Israel Shahak e o Oriente Médio
Cerca de uma década atrás, por acaso eu estava conversando com um eminente acadêmico que se tornou conhecido por suas duras críticas às políticas israelenses no Oriente Médio e pelo forte apoio da América a elas. Mencionei que eu mesmo havia chegado a conclusões muito semelhantes algum tempo antes, e ele perguntou quando isso tinha acontecido. Eu disse a ele que tinha sido em 1982, e acho que ele achou minha resposta bastante surpreendente. Tive a sensação de que a data era décadas antes do que teria sido dada por quase qualquer outra pessoa que ele conhecesse.
Às vezes é bem difícil identificar quando a visão de mundo de alguém sobre um tópico contencioso passa por uma transformação brusca, mas em outras vezes é bem fácil. Minhas próprias percepções do conflito do Oriente Médio mudaram drasticamente durante o outono de 1982, e elas mudaram posteriormente apenas em uma extensão muito menor. Como alguns podem se lembrar, aquele período marcou a primeira invasão israelense do Líbano, e culminou no notório Massacre de Sabra-Shatila durante o qual centenas ou mesmo milhares de palestinos foram massacrados em seus campos de refugiados. Mas embora esses eventos tenham sido certamente fatores importantes no meu realinhamento ideológico, o gatilho crucial foi, na verdade, uma certa carta ao editor publicada na mesma época.

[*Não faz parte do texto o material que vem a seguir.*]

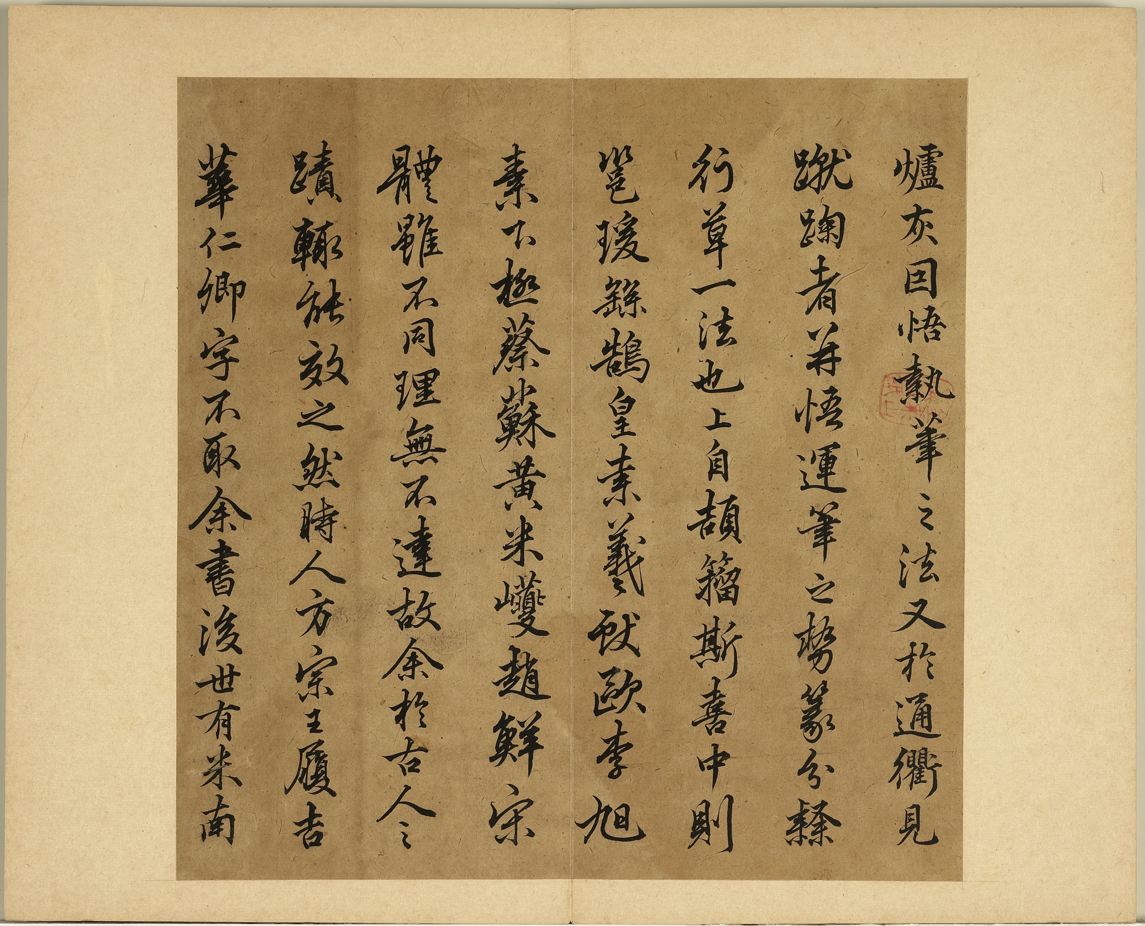 角也。违而不犯。和而不同。带燥方润。将浓遂枯。则如壁拆。言布置有自然之巧也。指实臂悬。笔有全力。擫衂顿挫。书必入木。则如印印泥。言方圆深厚而不轻浮也。点必隐锋。波必三折。肘下风生。起止无迹。则如锥画沙。言劲利峻拔而不凝滞也。姜尧章虽著此语。而未究其义。盖亦千古之祕耳。(行书)。
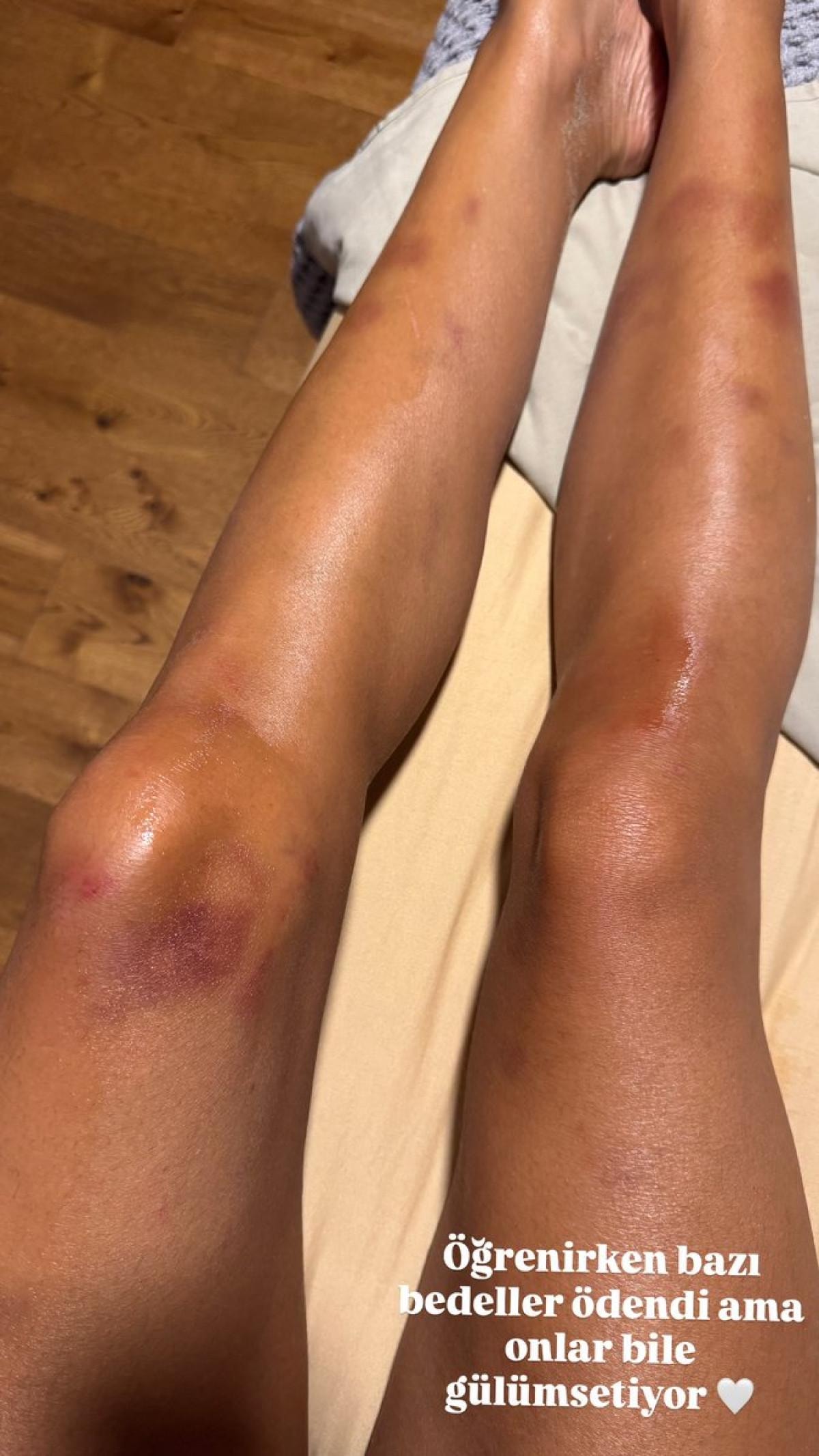 Sörfü çok sevdiğini söyleyen Şıkel, bacaklarının mosmor olduğu kareleri paylaştı.

Poucos anos antes, eu tinha descoberto o The London Economist , como era chamado na época, e ele rapidamente se tornou minha publicação favorita , que eu devorei religiosamente de capa a capa toda semana. E enquanto eu lia os vários artigos sobre o conflito do Oriente Médio naquela publicação, ou em outras como o New York Times , os jornalistas ocasionalmente incluíam citações de um comunista israelense particularmente fanático e irracional chamado Israel Shahak, cujas visões pareciam totalmente em desacordo com as de todos os outros, e que consequentemente era tratado como uma figura marginal. Opiniões que parecem totalmente divorciadas da realidade tendem a ficar na mente, e bastou uma ou duas aparições daquele stalinista aparentemente obstinado e delirante para eu adivinhar que ele sempre tomaria uma posição totalmente contrária em cada questão.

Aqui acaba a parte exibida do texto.